Em defesa da democracia e dos valores civilizatórios

Diante das reiteradas ameaças ao Estado Democrático de Direito e da intensificação da crise sanitária, econômica e social no país, o Fórum Nacional Permanente de Carreiras Típicas de Estado – Fonacate, que representa mais de 200 mil servidores públicos que desempenham atribuições imprescindíveis ao Estado brasileiro, veio a público conclamar autoridades e sociedade em geral à unidade na caminhada civilizatória da nação, à luz dos princípios fundamentais insculpidos na Constituição da República Federativa do Brasil.

   Para as entidades, “Se antes da disseminação local da pandemia do Covid-19 a agenda de minimização do Estado e de subtração de direitos trabalhistas e sociais havia levado à pior recuperação econômica já registrada, ao desmonte das políticas públicas, à precarização do mercado de trabalho e, em última análise, ao aumento da pobreza e da desigualdade social, esse quadro se agravou durante a pandemia, sobretudo devido à incapacidade do governo federal em promover a coalisão necessária ao enfrentamento da crise”.

   De acordo com o documento, “a prevalência dos conflitos políticos, intensificados dia a dia por quem deveria atenuá-los, em detrimento da cooperação institucional acrescenta um apagão gerencial ao desmonte das políticas públicas.
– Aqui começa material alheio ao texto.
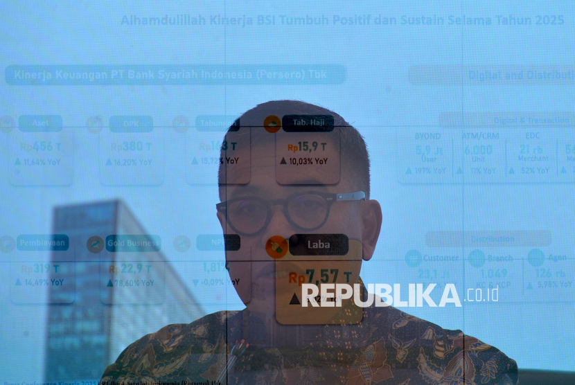 Direktur Utama BSI Anggoro Eko Cahyo menyampaikan paparan kinerja perseroan untuk tahun buku 2025 di Kantor Pusat BSI, Jakarta, Jumat (6/2/2026). PT Bank Syariah Indonesia (Persero) Tbk mencatatkan kinerja solid sepanjang tahun 2025 dengan rata-rata pertumbuhan jauh di atas industri yang ditopang dari kontribusi perseroan mendorong pembiayaan pro kerakyatan mulai dari segmen konsumer, ASN, BUMN, SME, Mikro dan Komersial yang mendominasi 90 persen pembiayaan BSI, dimana langkah ini juga mendongkrak laba mencapai Rp7,57 triliun atau naik 8,02 persen (YoY). (FOTO : Edwin Putranto/Republika)

O governo federal, o único capaz de compensar a queda da arrecadação com financiamento monetário ou endividamento, reluta em auxiliar a população e as empresas em razão do apego ao ideário já nocivo do ultraliberalismo”.

   Como resultado, o desemprego poderá atingir mais de 20 milhões de pessoas e o país corre o risco de se tornar campeão mundial de óbitos na pandemia devido à insuficiência e inépcia da resposta governamental à crise. Ocupamos a terrível terceira posição, atrás apenas dos EUA e Reino Unido, mas neste momento ocupamos o tenebroso primeiro lugar na média diária de mortes.

   Até o início de ontem o Brasil tinha 38.543 mortes por coronavírus confirmadas e 743.047 casos da doença, de acordo com um levantamento feito pelo consórcio de veículos de imprensa a partir de dados das secretarias estaduais de Saúde. À crise sanitária, econômica social e institucional, soma-se a crise democrática, moral e cognitiva insuflada por fake news.

   Enquanto isso, grupos minoritários, mas com respaldo de autoridades, vêm cada vez mais se sentindo à vontade para sair às ruas em ameaça àqueles com posições ideológicas e políticas distintas, em defesa do fechamento do regime político, em afronta ao Supremo Tribunal Federal e ao Congresso Nacional, contra governadores e prefeitos os mais diversos, contra a liberdade de imprensa.

   Por fim, diante desse momento crítico do país, o Fórum vem a público para assinalar o caráter recessivo, regressivo, e antinacional da agenda de reformas ultraliberais de subtração de direitos e de destruição das políticas públicas e defender a ampliação imediata do gasto público na proporção das necessidades da população e das empresas em dificuldades, por exemplo, elevando valores e prazos do auxílio emergencial.

   Vem postular revisão, no pós-calamidade, das regras fiscais brasileiras, a começar pela reforma do teto de gastos que impede que os investimentos em saúde e educação acompanhem o crescimento da população.

   Além disso, vem unir-se à mobilização nacional, suprapartidária, em defesa da democracia e dos valores civilizatórios, pois é hora de lutar pelo Estado Democrático de Direito, com unidade e responsabilidade.

*Augusto Bernardo Cecílio é auditor fiscal e professor.